__DIRECTIONS FOR THIS TASK__
Omit the pictures, then write out every entry exactly as it reads.

__THE RECORDS__
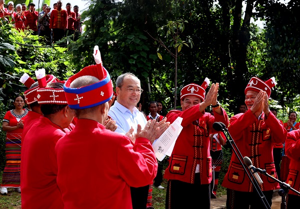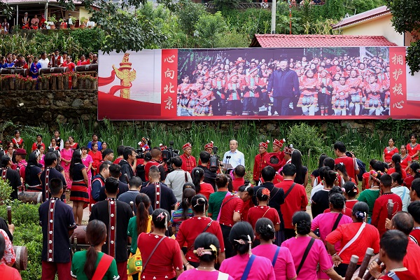 這是載入阿佤山歷史的時刻,佤族群眾身著節(jié)日盛裝,載歌載舞,阿佤山成為一片歡樂的海洋。阮成發(fā)鄭重宣讀了習近平總書記的回信。宣讀完畢,現(xiàn)場群眾齊聲歡呼,老支書代表巖翁和班洪村黨支部書記賽茸激動地表達了心聲,佤族青年擊響木鼓,男女老幼唱起《阿佤人民唱新歌》,抒發(fā)佤族群眾心向黨、心向國家的真摯感情,感謝總書記、感恩黨中央的共同心聲。
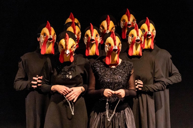 Mêlant le grotesque au baroque, ce Re Chicchinella à l’énergie brute enchaîne les tableaux poétiques et fantaisistes, avec une liesse transgressive qui fait sa signature. Le sujet est cocasse autant que politique, irrévérencieux à souhait : un roi, pris d’une nécessité pressante, se soulage derrière un buisson. Il s’essuie les fesses à l’aide d’un volatile qu’il croit mort, une poule aux plumes soyeuses. Mais la poule est bien vivante, elle s’accroche et s’introduit à l’intérieur du corps souverain, grimpe dans ses entrailles et s’y installe.
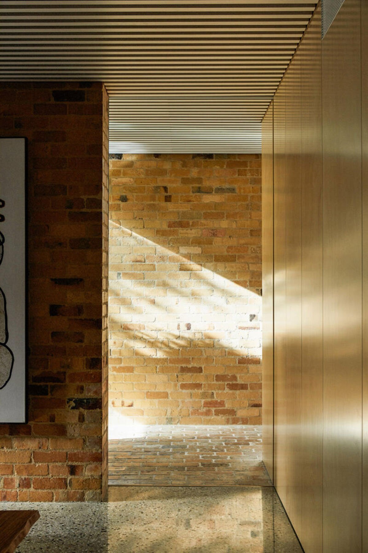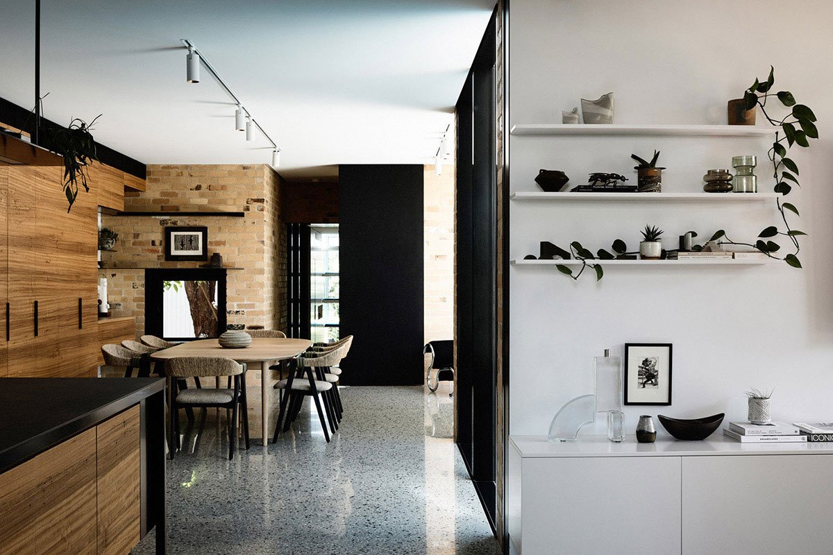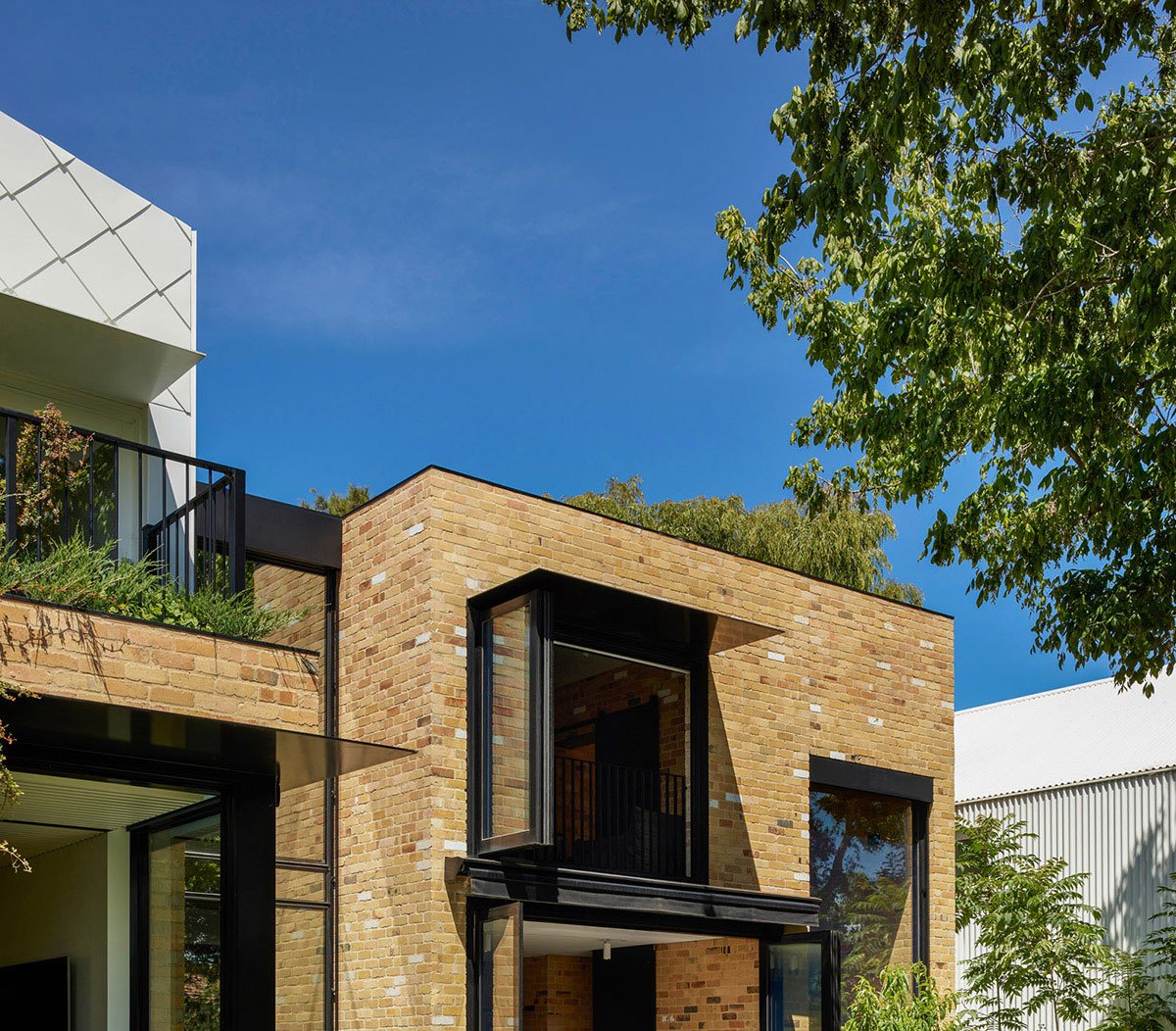 Located on a long and narrow street, lined with long and narrow blocks, in Prahran, Garden House is a wholly unexpected family home. At street-view, the simple and domestic scale garage appears to be the house, in its entirety. A pretty, white shingled cottage with a perfect pitched roof. Walk down the side pedestrian alleyway and the main front door opens up to reveal a much bigger property concealed within – like discovering Narnia at the end of a literal yellow brick road.
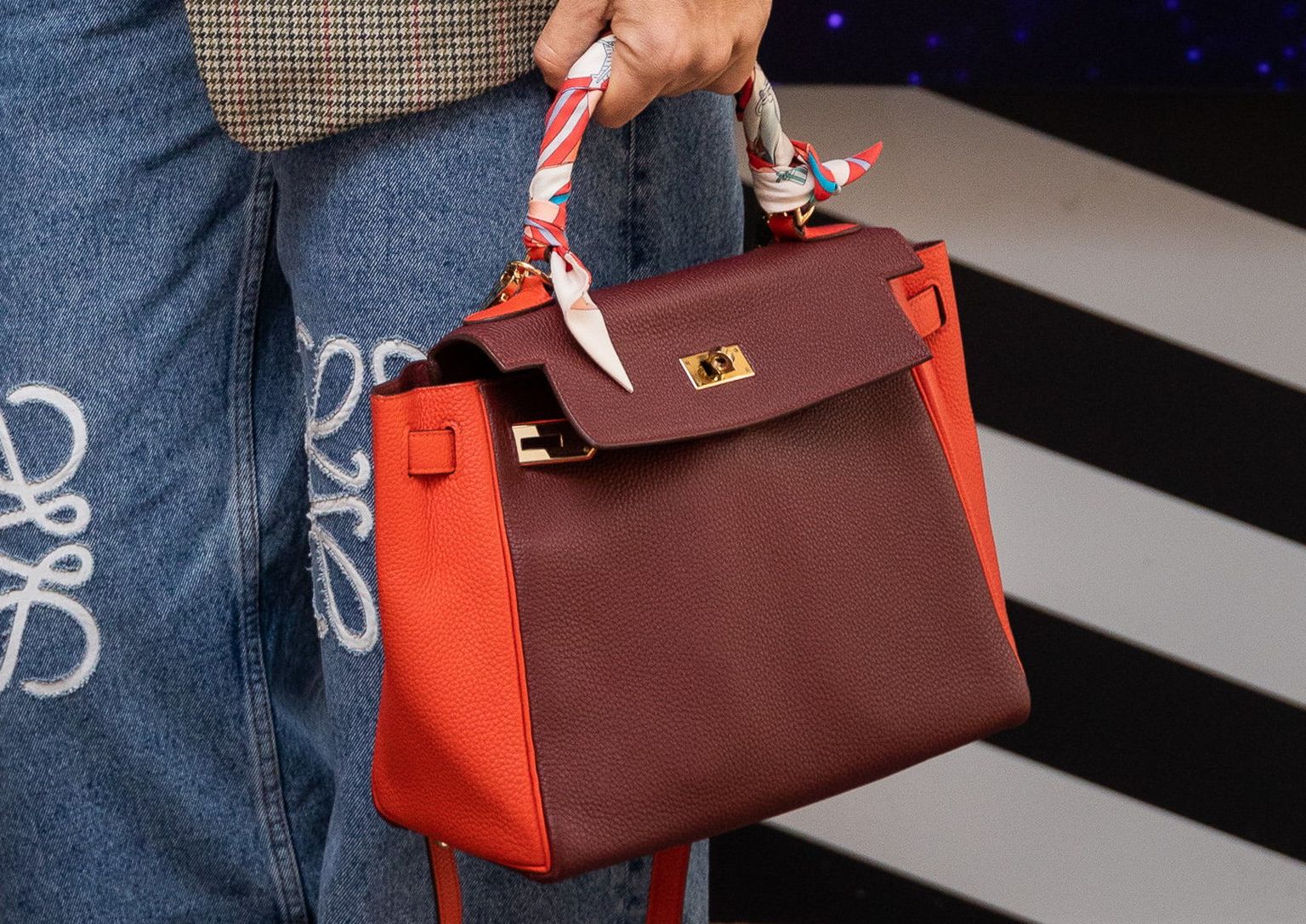 • Branka Krstulović nosi finu torbu u kombinaciji smeđe i narančaste boje Foto: Sasa Buric/Cropix
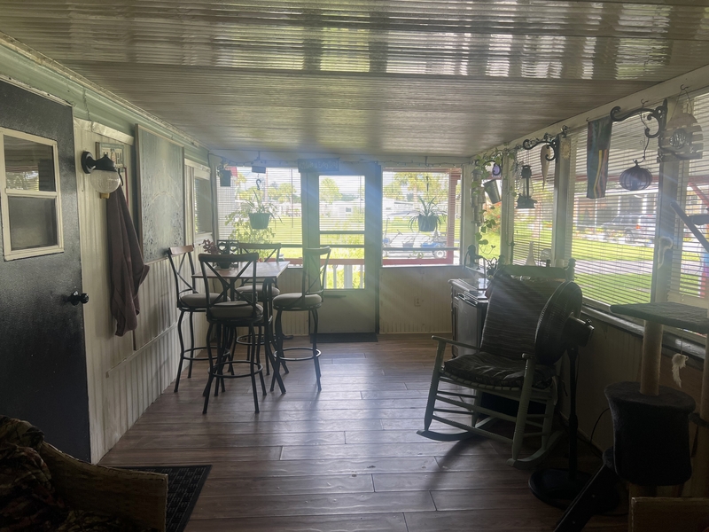 This home sits on an oversized, peaceful lot in Shell Creek RV Community. The 10 x 28 screened in lanai is perfect for entertaining or enjoying your morning coffee. If you like to cook, this is the kitchen for you with butcher block countertops, glass top stove, farmhouse sink, ample storage, dishwasher and dining area. This kitchen opens to the living room and the hallway leads to guest bedroom and bath. The guest bedroom serves as an office/den and has a futon for extra sleeping space. The bathroom has been remodeled with walk-in shower and tile backsplash. The hallway houses the newer washer and dryer. The Primary bedroom has new wall paneling with double built-in closets and drawers. The outside of the home features mature landscaping with large back yard. Can't you see yourself sitting under that large live oak relaxing in the shade in beautiful southwest Florida. If you want storage space, this home has two sheds including one that is 10 x 15 with window AC, which would be a perfect place for a workshop. In addition, there is additional storage for recreational items. This house is a must see. Book your appointment today or we can show you virtually if you are out of town.Features
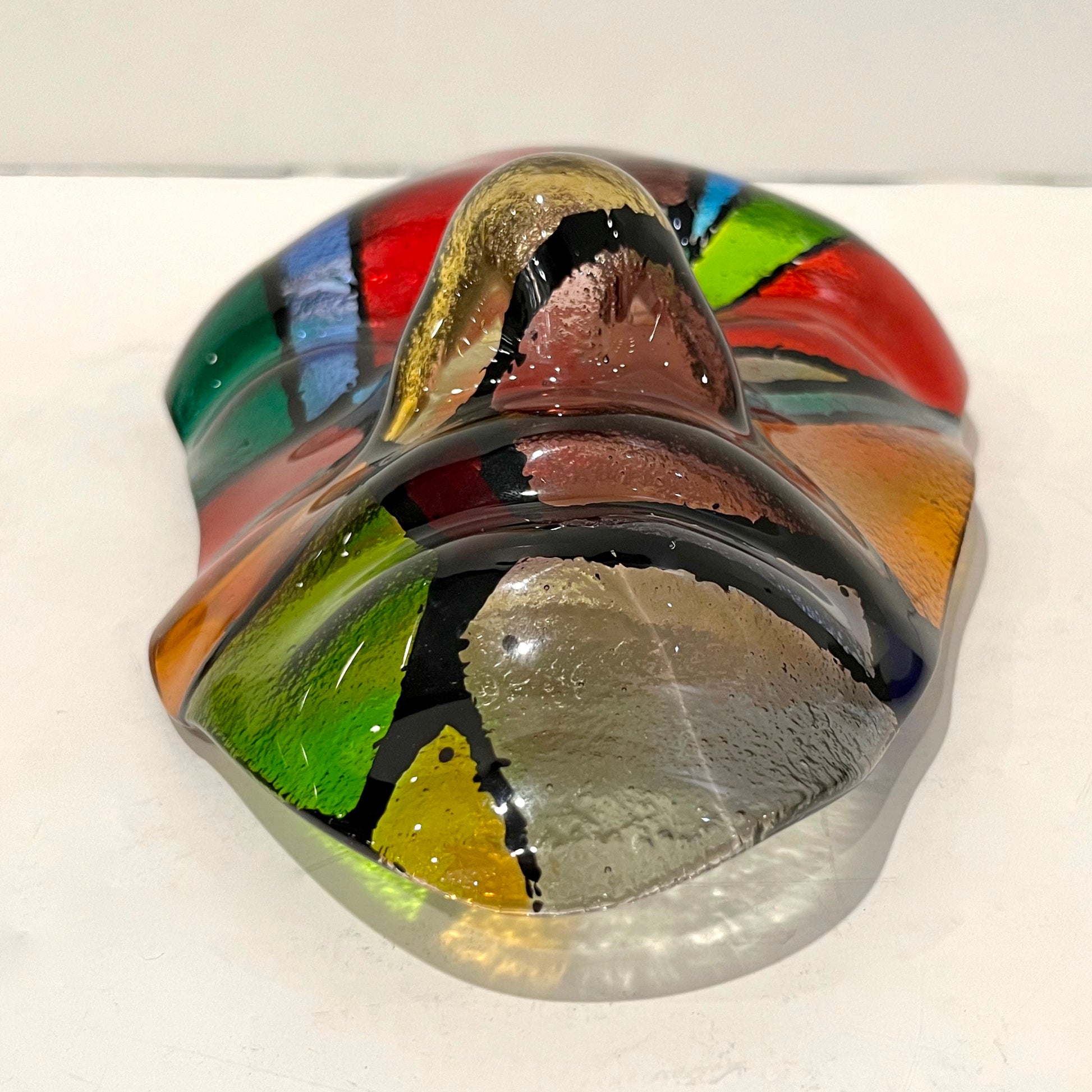 Bespoke Italian Mondrian Style Blue Green Red Black Murano Glass Mask Sculpture
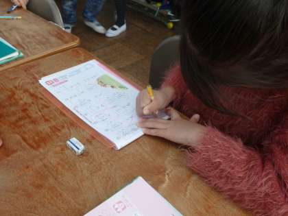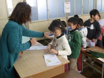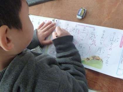 漢字ドリルを使って漢字の練習をしました。一人一人のドリルを点検し、間違っていた漢字は、もう一度書き直すよう指導しました。どの子も一生懸命に取り組んでいました。
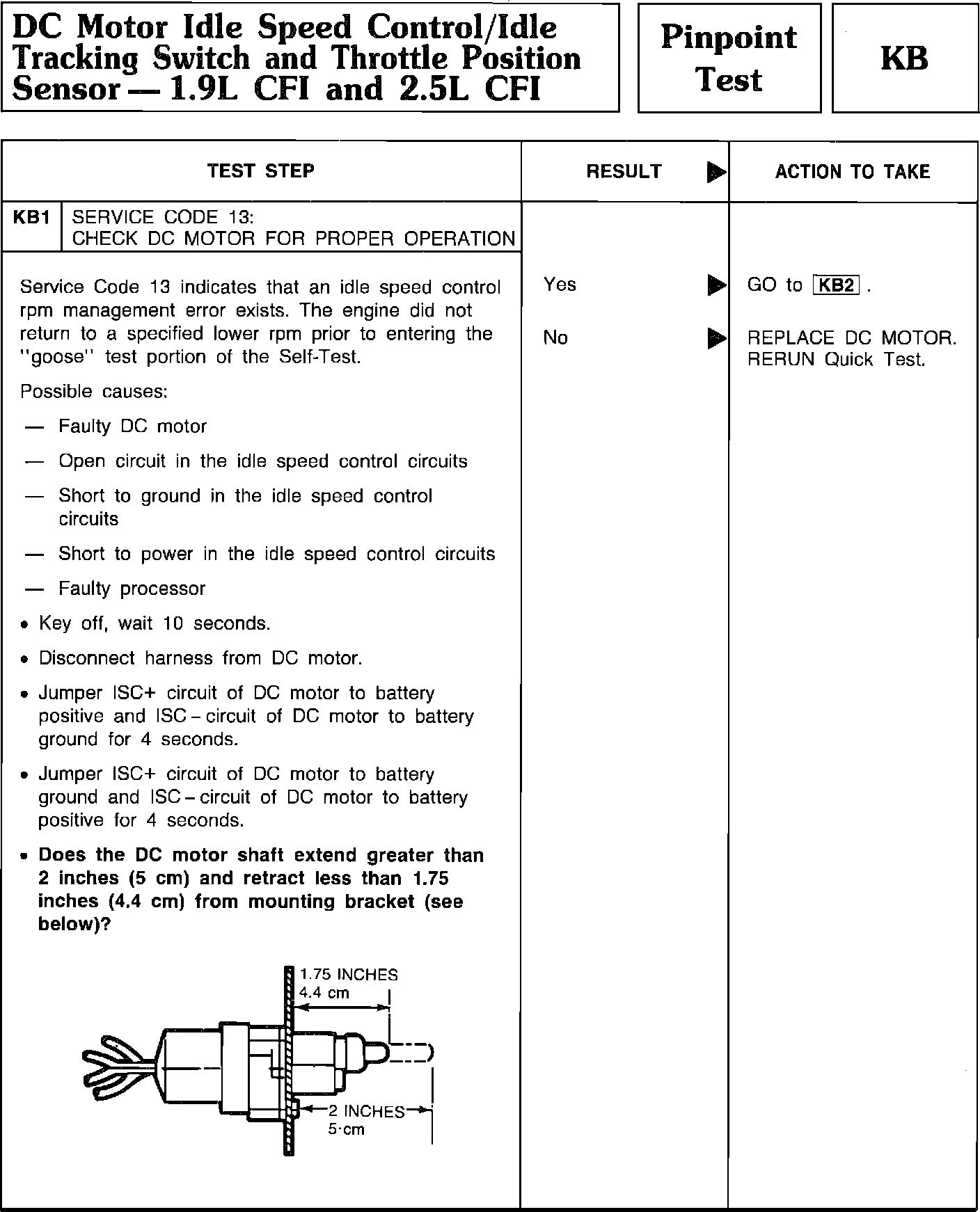 Pinpoint Test KB1 - DC Motor Idle Speed Control/Idle Tracking Switch/TPS:

__SOLVED PROBLEM__
 這是載入阿佤山歷史的時刻,佤族群眾身著節(jié)日盛裝,載歌載舞,阿佤山成為一片歡樂的海洋。阮成發(fā)鄭重宣讀了習近平總書記的回信。宣讀完畢,現(xiàn)場群眾齊聲歡呼,老支書代表巖翁和班洪村黨支部書記賽茸激動地表達了心聲,佤族青年擊響木鼓,男女老幼唱起《阿佤人民唱新歌》,抒發(fā)佤族群眾心向黨、心向國家的真摯感情,感謝總書記、感恩黨中央的共同心聲。
 Mêlant le grotesque au baroque, ce Re Chicchinella à l’énergie brute enchaîne les tableaux poétiques et fantaisistes, avec une liesse transgressive qui fait sa signature. Le sujet est cocasse autant que politique, irrévérencieux à souhait : un roi, pris d’une nécessité pressante, se soulage derrière un buisson. Il s’essuie les fesses à l’aide d’un volatile qu’il croit mort, une poule aux plumes soyeuses. Mais la poule est bien vivante, elle s’accroche et s’introduit à l’intérieur du corps souverain, grimpe dans ses entrailles et s’y installe.
 Located on a long and narrow street, lined with long and narrow blocks, in Prahran, Garden House is a wholly unexpected family home. At street-view, the simple and domestic scale garage appears to be the house, in its entirety. A pretty, white shingled cottage with a perfect pitched roof. Walk down the side pedestrian alleyway and the main front door opens up to reveal a much bigger property concealed within – like discovering Narnia at the end of a literal yellow brick road.
 • Branka Krstulović nosi finu torbu u kombinaciji smeđe i narančaste boje Foto: Sasa Buric/Cropix
 This home sits on an oversized, peaceful lot in Shell Creek RV Community. The 10 x 28 screened in lanai is perfect for entertaining or enjoying your morning coffee. If you like to cook, this is the kitchen for you with butcher block countertops, glass top stove, farmhouse sink, ample storage, dishwasher and dining area. This kitchen opens to the living room and the hallway leads to guest bedroom and bath. The guest bedroom serves as an office/den and has a futon for extra sleeping space. The bathroom has been remodeled with walk-in shower and tile backsplash. The hallway houses the newer washer and dryer. The Primary bedroom has new wall paneling with double built-in closets and drawers. The outside of the home features mature landscaping with large back yard. Can't you see yourself sitting under that large live oak relaxing in the shade in beautiful southwest Florida. If you want storage space, this home has two sheds including one that is 10 x 15 with window AC, which would be a perfect place for a workshop. In addition, there is additional storage for recreational items. This house is a must see. Book your appointment today or we can show you virtually if you are out of town.Features
 Bespoke Italian Mondrian Style Blue Green Red Black Murano Glass Mask Sculpture
 漢字ドリルを使って漢字の練習をしました。一人一人のドリルを点検し、間違っていた漢字は、もう一度書き直すよう指導しました。どの子も一生懸命に取り組んでいました。
 Pinpoint Test KB1 - DC Motor Idle Speed Control/Idle Tracking Switch/TPS:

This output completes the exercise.